Answer in Geometry for solid mensuration #147373

Question #147373

A right circular cone is inscribed in a cube having a diagonal which
measures 20 square root of 3 cm.

3. What is the surface area of the cone?
4. What is the volume of the space between the cone and the cube?

Expert's answer

The diagonal $d$ of the cube with the side $a$ is

d^2=a^2+a^2+a^2=3a^2

d=\sqrt{3}a

Given $d=20\sqrt{3}\ cm.$

Then

a=\dfrac{d}{\sqrt{3}}=\dfrac{20\sqrt{3}}{\sqrt{3}}=20(cm)

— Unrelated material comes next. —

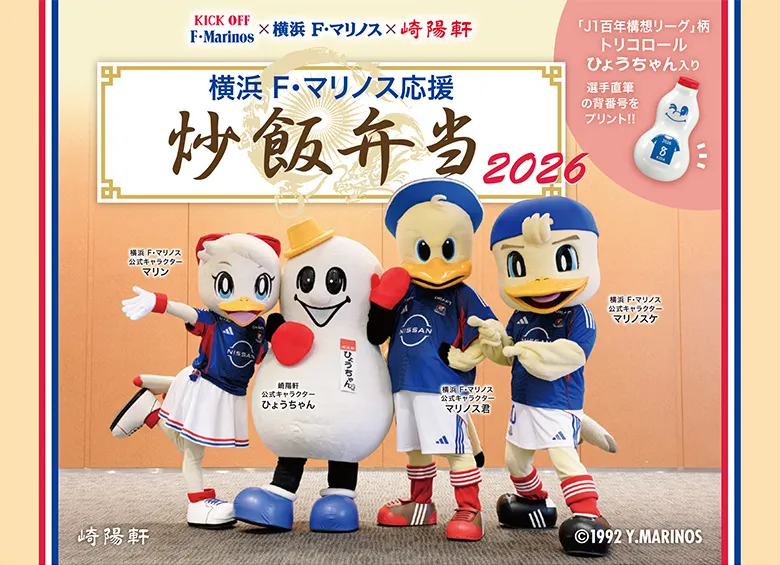 2月21日(土)浦和レッズ戦を、お弁当が盛り上げます。愛され続ける崎陽軒の「炒飯」をメインに、人気のおかずを詰め合わせ、J1百年構想リーグ限定の掛け紙をまといました。F・マリノス愛の詰まった「横浜F・マリノス応援炒飯弁当 2026」を食べて、横浜F・マリノスの試合をお楽しみください。

The radius $r$ of the circle inscribed in the square with the side $a$ is

r=\dfrac{a}{2}

Then we have the right circular cone inscribed in a cube with the side $a$

radius=r=\dfrac{a}{2}, \ height=h=a

Slant height $L$ is

L=\sqrt{r^2+h^2}=\sqrt{(\dfrac{a}{2})^2+a^2}=\dfrac{\sqrt{5}a}{2}

3. Surface area of a cone = Base Area + Curved Surface Area of a cone

A=\pi r^2+\pi rL

A=\pi((\dfrac{a}{2})^2+\dfrac{a}{2}(\dfrac{\sqrt{5}a}{2}))=\dfrac{\pi a^2}{4}(1+\sqrt{5})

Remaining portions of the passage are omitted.